Pero todavía hay demasiada gente viva para opinar lo contrario. Debe ser una tarea hercúlea para los biógrafos hacer una compilación mínimamente racional de su legado. Cuando temerariamente incursionó en el periodismo con aquellas “reflexiones” que harían palidecer a Zumbado, Tom Wolfe podría haber dicho que no merecía la pena seguir escribiendo. En sus discursos kilométricos no existe una idea coherente, sino una megalomanía y disgregación de pensamientos clínicamente inclasificable. No hizo ningún aporte a la teoría marxistaleninista, a las corrientes económicas modernas, a la ciencia y la técnica, a la política internacional. Todo lo contrario. Su contribución podría resumirse en “sobrevivir formado lío”, o “ir contra la corriente”. No hubo actividad humana donde el Compañero en jefe metiera la mano y quedara en pie.

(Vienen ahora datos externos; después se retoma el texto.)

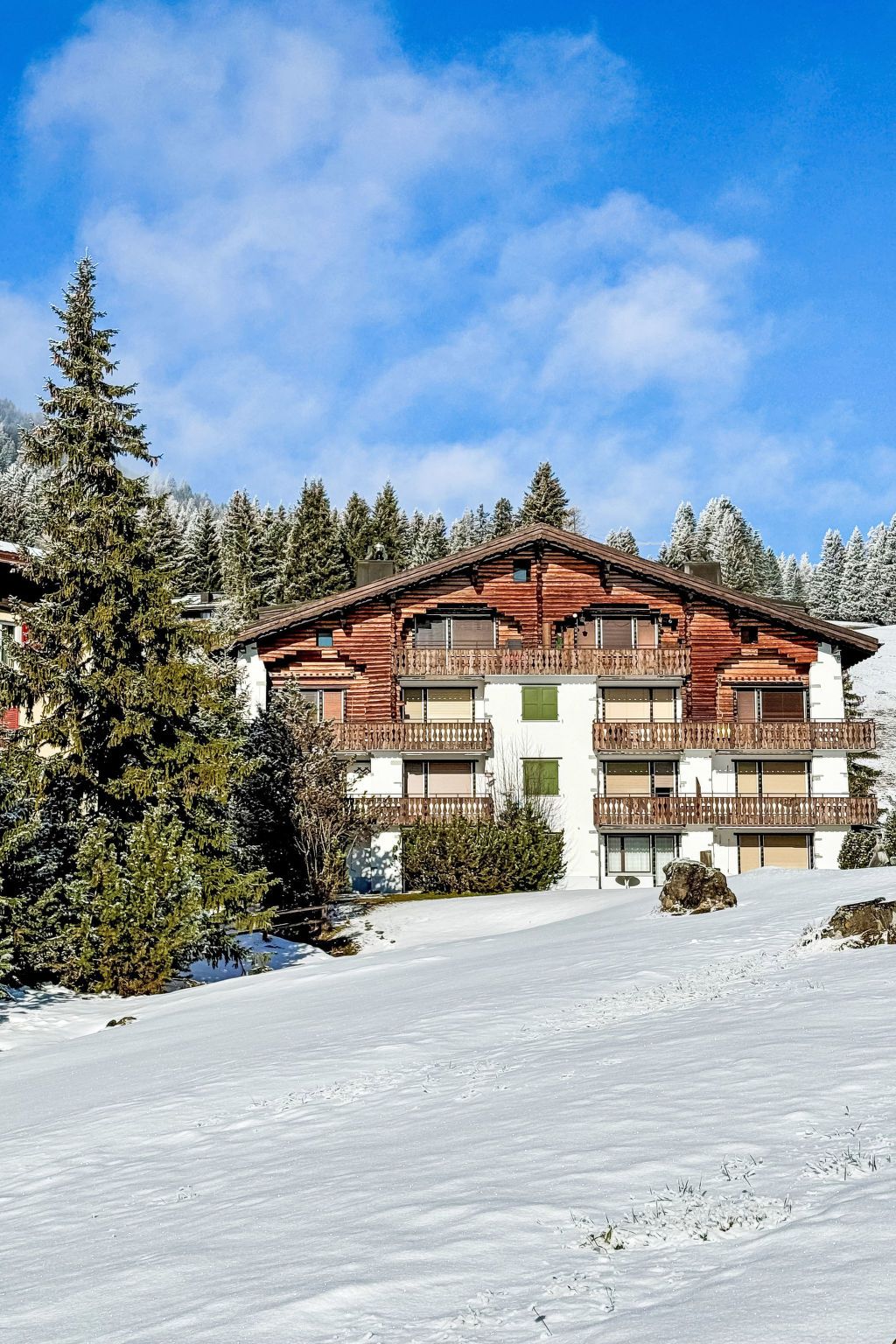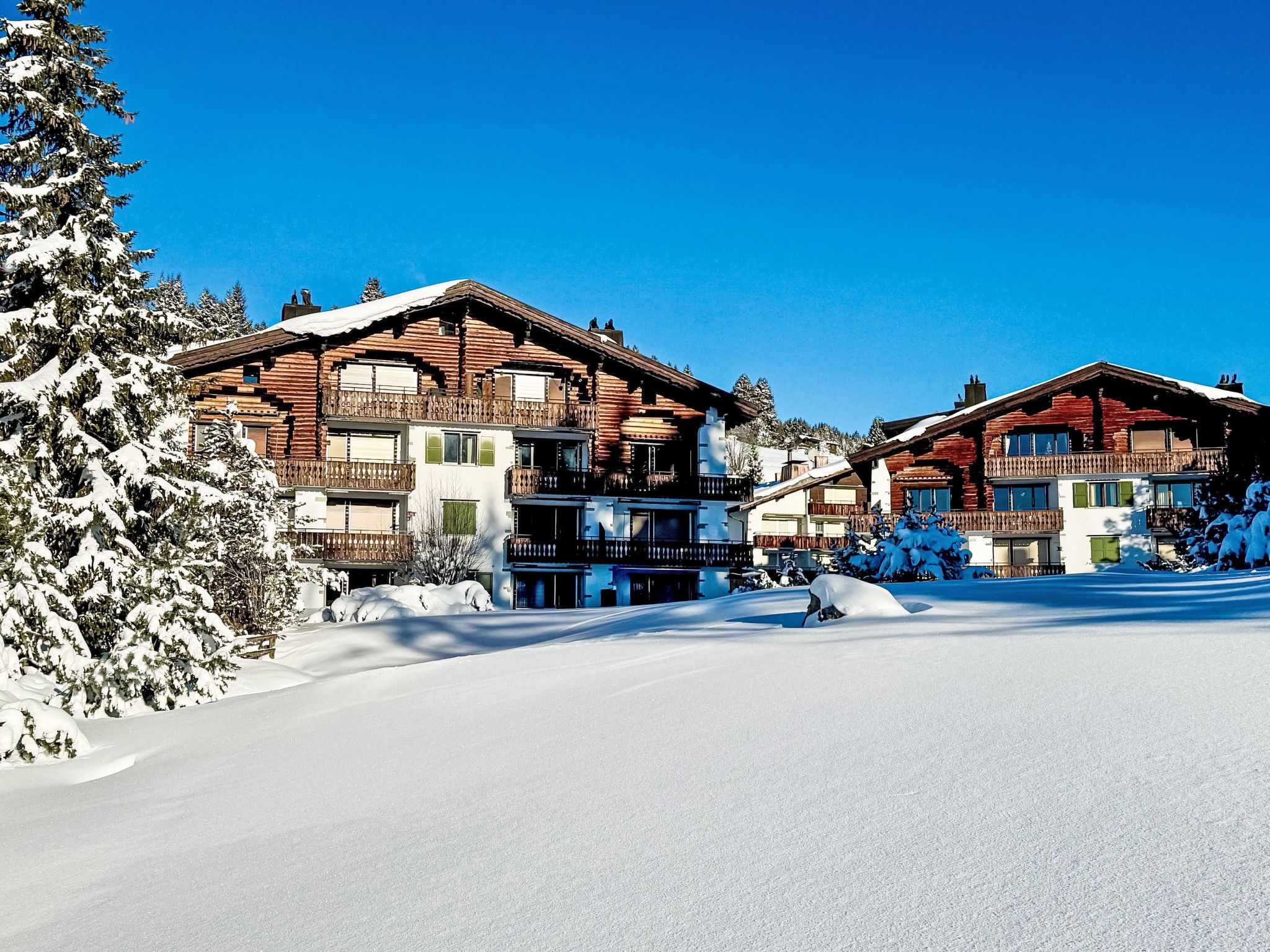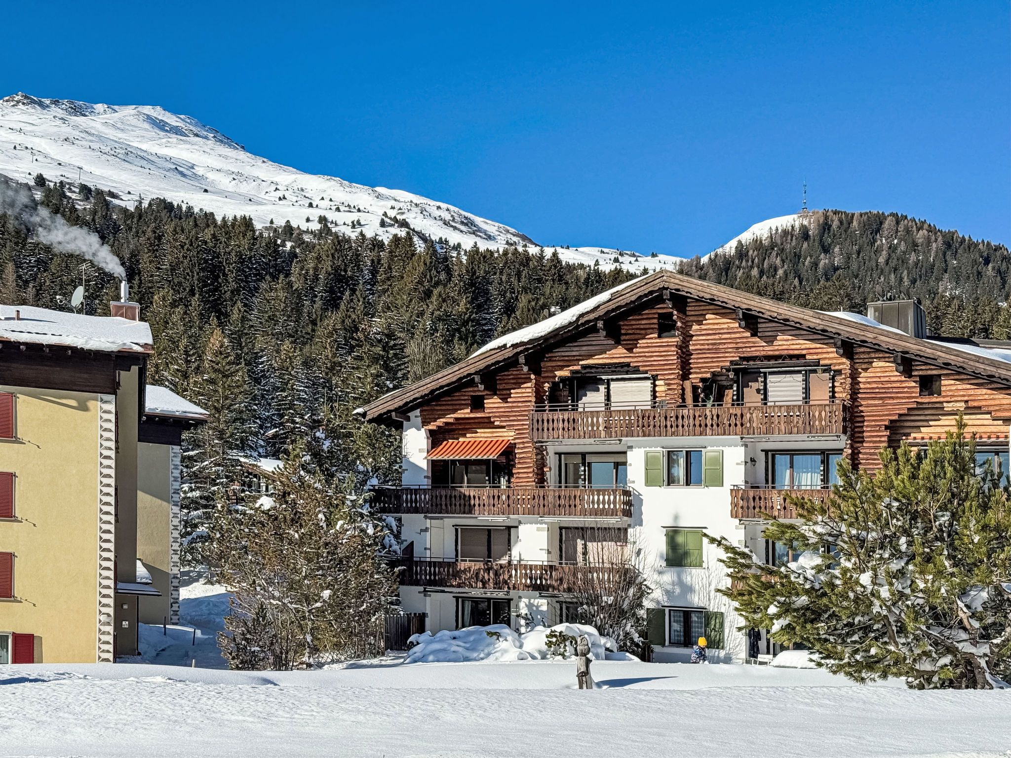Valbella 3 km von Lenzerheide: Gemütliches, komfortables Mehrfamilienhaus Chesa Gop, 1'500 m.ü.M., auf 4 Stockwerken, Baujahr 1980. Am Ortsrand, 700 m vom Zentrum, ruhige, sonnige Lage, 200 m vom See, 500 m vom Skigebiet. Im Hause: Skiraum, Zentralheizung. Zufahrt bis zum Haus. Im Winter 4x4 empfohlen. Gemeinschaftsgarage beim Haus. Supermarkt 700 m, Restaurant 120 m, Bushaltestelle Valbella, Seehof 90 m, Hallenbad 2 km, Badesee 1 km. Skilift 500 m, Skisportanlagen 1 km, Skipisten 500 m, Skiverleih 1 km, Skibushaltestelle 90 m, Skischule 1 km, Langlaufloipe 150 m. Bitte beachten: Bei guter Schneelage Zufahrt mit den Skiern bis zum Haus. Das Foto ist nur ein Wohnungsbeispiel.

De esa manera no hay agua potable y nadie recuerda la llamada Voluntad Hidráulica, aquellas presas por doquier, ríos desviados y deforestación para sembrar “pangola”. No hay luz eléctrica y no se menciona la Revolución Energética, la inversión millonaria en los grupos electrógenos y los “módulos de cocción” en un país sin recursos petroleros. Tampoco hay azúcar y nadie habla de que desmanteló los ingenios. Nadie quiere prestarle un peso a La Habana, y se olvida del “principio ético”: la deuda externa es inmoral e impagable. En fin, la larga lista necesitaría varios volúmenes. 

El experimento continuista tiene una crisis enorme de valores y proyectos, precisamente porque el manual de sobrevivencia que el Difunto Líder dejó es eso, y nada más: amanecer al día siguiente. Si decimos que los continuistas no lo han intentado, imitándolo, mentiríamos. Allá va el Designado después del ciclón a prometer agua, y caminos, como su coterráneo Gerardo Machado, rodeado de guardaespaldas en uniformes verdeolivo -de paso también se ha puesto una banderita roja y negra sobre los hombros para darse legitimidad. Y por acá el rollizo ministro, casco blanco, mueca de disgusto, y la misma planta reparada la pasada semana.

La narrativa necrofílica ha llegado a un nivel de manicomio, y aún falta mucho por ver. Junto con la represión y la ausencia de “cambiar todo lo que debe ser cambiado”, el año que viene ya se anuncia como el Jubileo del Comandante. Jubileo es una vieja tradición cristiana para el encuentro y la renovación de la fe. Justamente lo que anuncian la Continuidad en la Isla: encuentro en la oscuridad -literal y metafórica- y la renovación del perdón de todos los pecados al Difunto Líder.